In LA-HF, there was a highly significant interaction between the factors condition and channel (F (21, 609) = 2.488, p < 0.001, η2 = 0.079). Post-hoc Fisher’s LSD test showed that this effect was due to the fact that five channels showed a difference between conditions (activation vs. control: see details in Table 3), with three temporal and parietal channels showing higher oxygenation in activation condition and two frontal channels showing higher oxygenation in the control condition (Figure 2(B)).
In LA-LF, although the interaction between condition (activation vs. control) and channels failed to reach significance (F (21, 609) = 1.201, p = 0.243, η2 = 0.039), post-hoc tests revealed here that three channels showed significant differences between conditions (activation vs. control, see Table 3). These included one frontal and two temporo-parietal channels with higher oxygenation in activation than in control (see Figure 2(C)).
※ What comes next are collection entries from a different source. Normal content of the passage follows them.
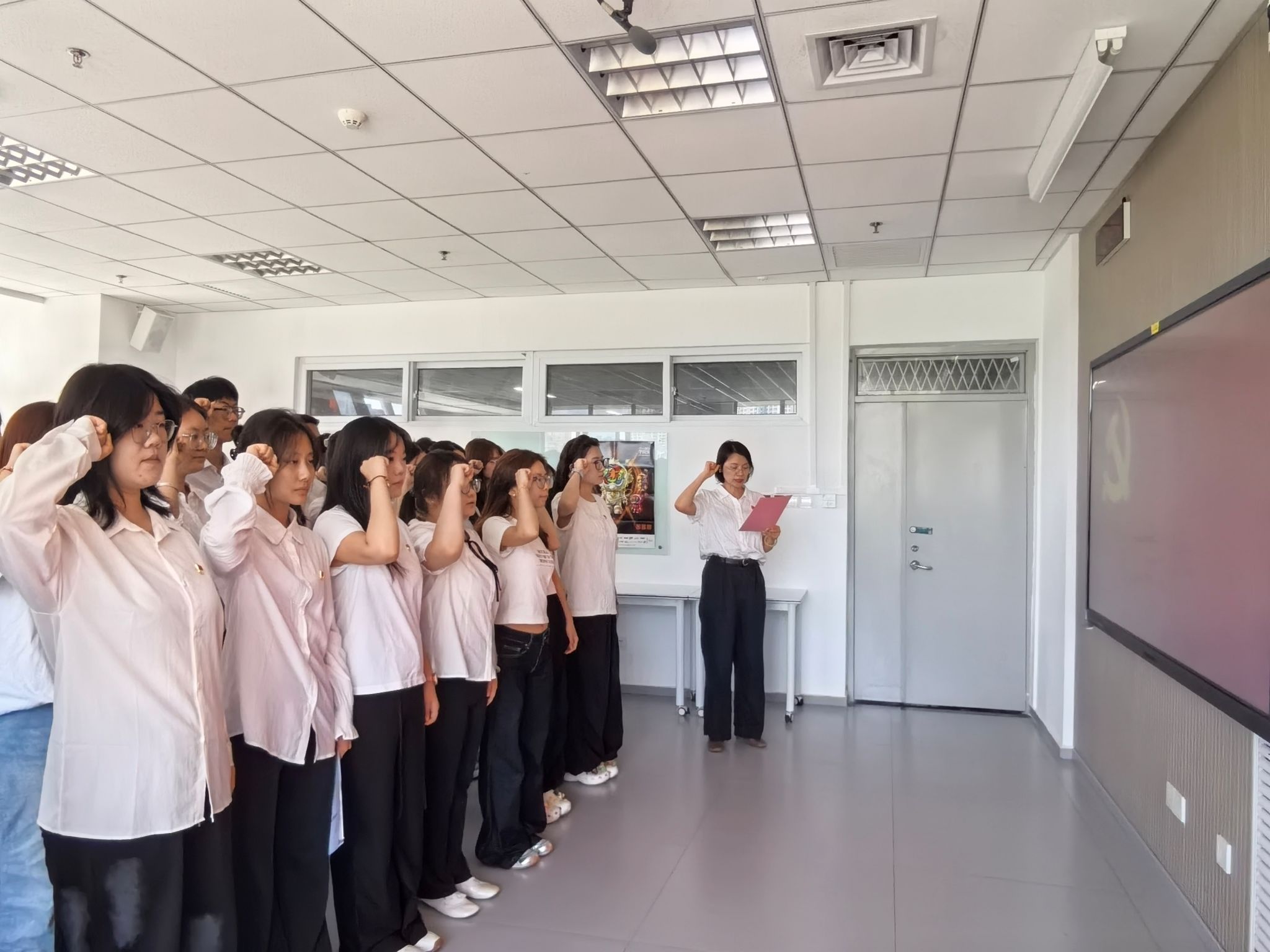 首先,张秀丽宣读了学院党委《对同意接收姜妍汐等36位同志为中共预备党员的批复》。随后,丁西蓓带领全体新党员面向鲜红的党旗庄严宣誓。集中宣誓后,预备党员代表姜妍汐和学生党员代表刘欣发言,院党委书记周著作寄语讲话。
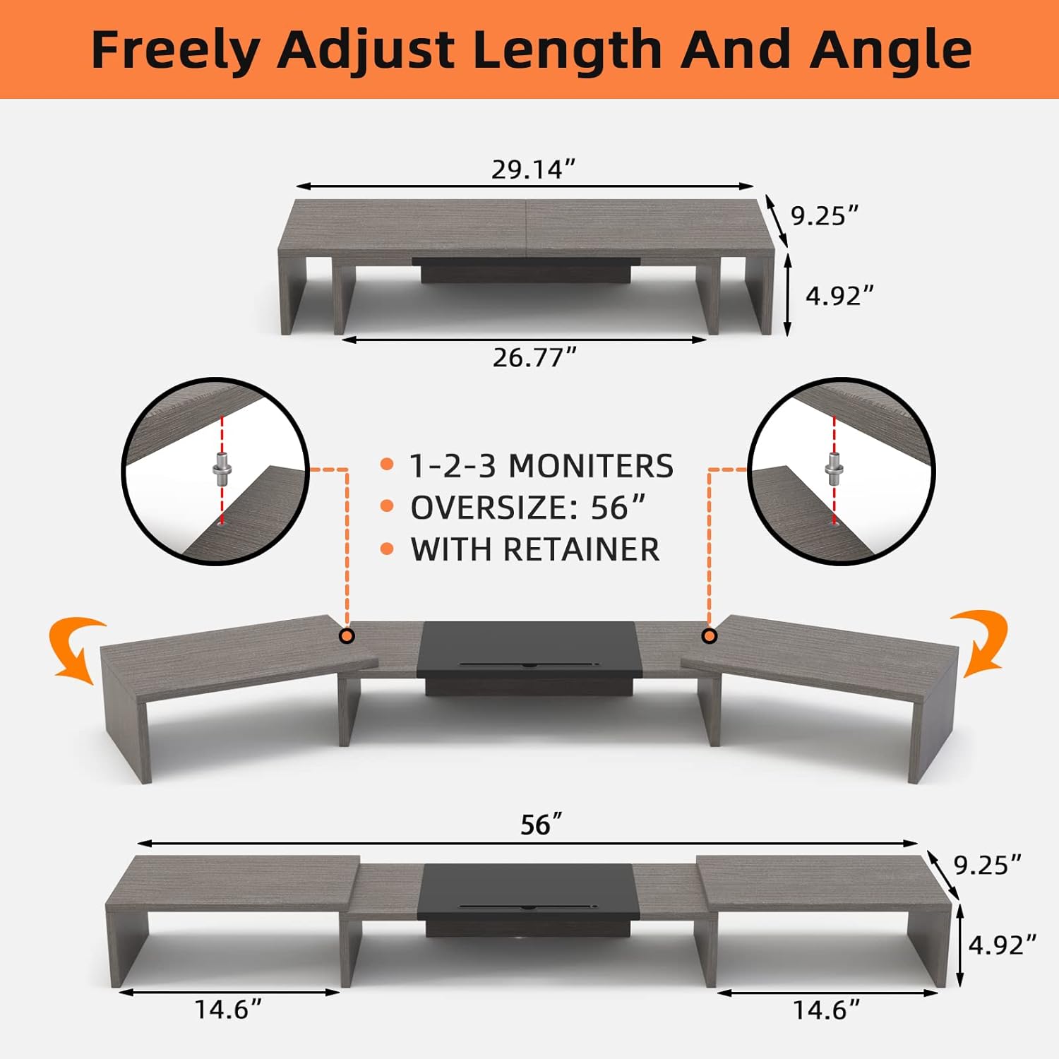 - ✅【 EXTRA LARGE FOR 1-2-3 MONITORS 】The size of monitor stand was improved to offer enough space for using 1-2-3 monitors together. The length of triple monitor stand can be changed from 29.14" to 50.6",Put together will help you organize and make your work more efficient!
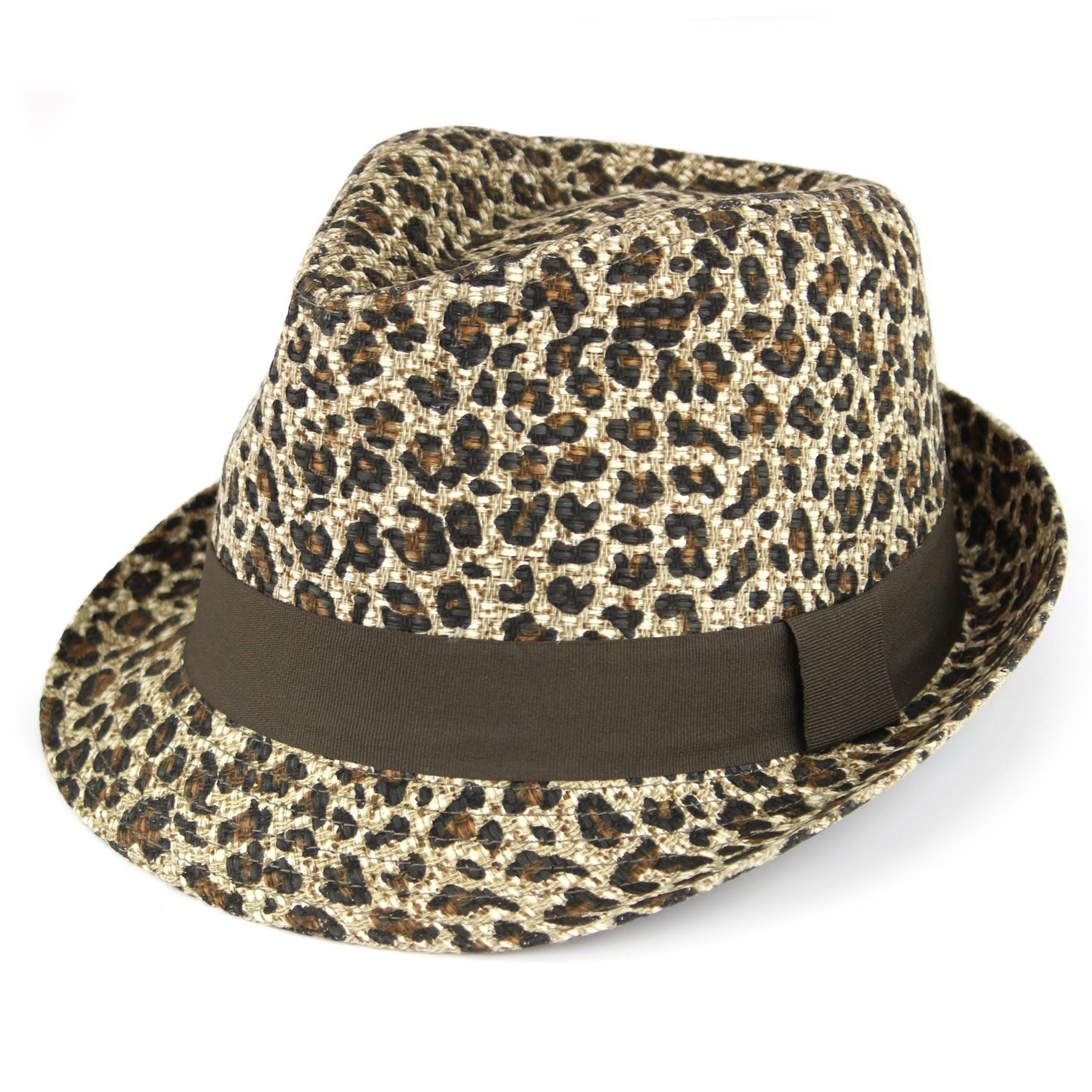 Leopard print straw paper trilby hat with a brown grosgrain band.
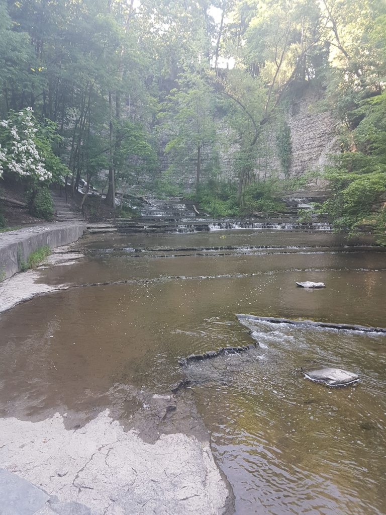Saying goodbye to the crowd of departed in the cemetery, we found our way to the bridge across Fall Creek, offering some pretty dramatic views (not done a lot of justice by phone photos) across the downtown center.

Table 3. Summary of the statistical differences (in the three language conditions in the two time windows). For the 10 channels exhibiting signal difference between the Activation and Control conditions (see Figure 2).
As for SA-HF, there was a significant interaction between the condition and channels (F (21, 609) = 4.755, p < 0.001, η2 = 0.141). Post-hoc test showed that five channels differentiated conditions (see Table 3). Of these, two parietal channels showed higher signal in activation and three frontal channels displayed higher oxygenation in control condition (Figure 2(D)).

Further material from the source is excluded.